Андрюша подбежал к двери и смело распахнул ее – кто может к нему прийти? Даже если Аввакумов... Но, распахнув, остолбенел.

– Здравствуй. Не ждал? – отодвинув его рукой, Маня быстро вошла в прихожую. Принялась раздеваться.

И уже потом, словно только заметив Андрюшу, добавила:

– Даже если у тебя гости – я помешаю. Веди!

Не дожидаясь ответа, она пошла сама. Еще ничего не сообразивший Андрюша потащился за нею следом. Все дорожки вели мимо кухни.

– У тебя появилась девушка? Я рада за тебя, – равнодушно пробежавшись по Вареньке глазами, заметила Маня.

И если Варя еще допускала мысль: сыграть, соврать, извернуться, то Андрюше она пришла в голову уже задним умом. Варя сама виновата – заводила его, не давая опомниться. Назвать своей девушкой Варечку – означало ввести Маню туда, куда он не пустит ее ни за что на свете. А лицемерие, спасительное и оправданное лицемерие, попросту не успело прийти ему в голову. Да и почему он должен лицемерить?! Это их треугольник, их путаница. «Не надо втравливать меня!»

– Нет, Манечка. Это у Аввакумова появилась новая девушка Зашла вот ко мне.

Настала Манина очередь хвататься за стены. «Ну конечно же!» Как могла пренебречь, отказаться от подобных предположений! Загнать их далеко в угол, на самый крайний случай! Как все, оказывается, объяснимо, как просто!

Лишь потом, отдышавшись в молчании, отпоившись протянутым Андрюшей чаем, Маня поняла, насколько непрочна и уязвима эта кажущаяся простота. Случайны и нелепы совпадения, на которых она покоится. Что-то недопустимое для простоты.

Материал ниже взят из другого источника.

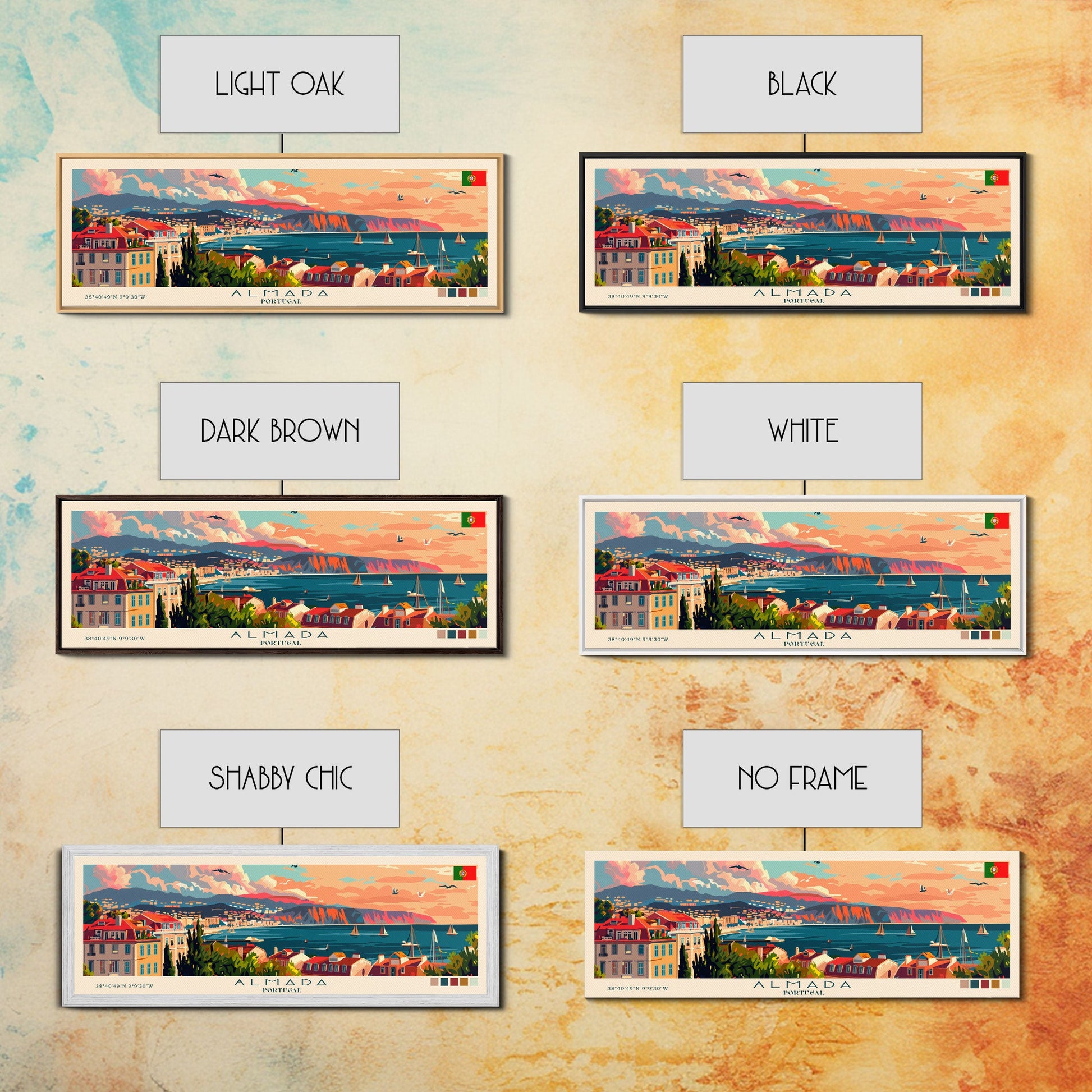 Almada Portugal Travel Art, City Art, Framed Canvas Print or Metal Wall Art, Europe Travel Poster, Panoramic Wall Art, Extra Wide Wall Art

Сначала – девочка. Наверное, она взяла бы ее к себе на работу, и охотно, но только под заказ: далеко не каждому понравится получить в обмен на немалые деньги такое смелое сочетание подростка и женщины, словно застывшее награни, которую обычно девушки проскакивают почти незаметно. А в остальном – таких девочек предостаточно на улице. Обладание ими обычно. Их искусство любви слишком примитивно, чтобы за него платить.

Дальше – Андрюша. Конечно, девушка задела его, иначе не сидел бы вот так, потупив глаза, не зная, как строить между ними мостики – и нужно ли? Но не постыдился бы предположения, что девочка – его, воспользовался спасительно подброшенной соломинкой лжи, если бы захватила. Значит, не столь велика ее сила пленять мужчин. Девочка на вкус. Этим Аввакумова не зацепить, Маню в душе не сковырнуть. Можно подумать – не случайная ли безделушка? Но ведь Аввакумов притащил ее к Андрюше, а Андрюша выдал. То, что вырвется у него вопреки ситу размышлений – почти всегда ясновидение и пророчество. Маня по себе знала, что значит, если Аввакумов привел к Андрюше женщину!

Не в девочке дело. Она не могла раздуть ураган. Подыграть – не больше. Дело в Аввакумове. В том, что Маня не знала. За чем пришла. А зачем та девочка пришла?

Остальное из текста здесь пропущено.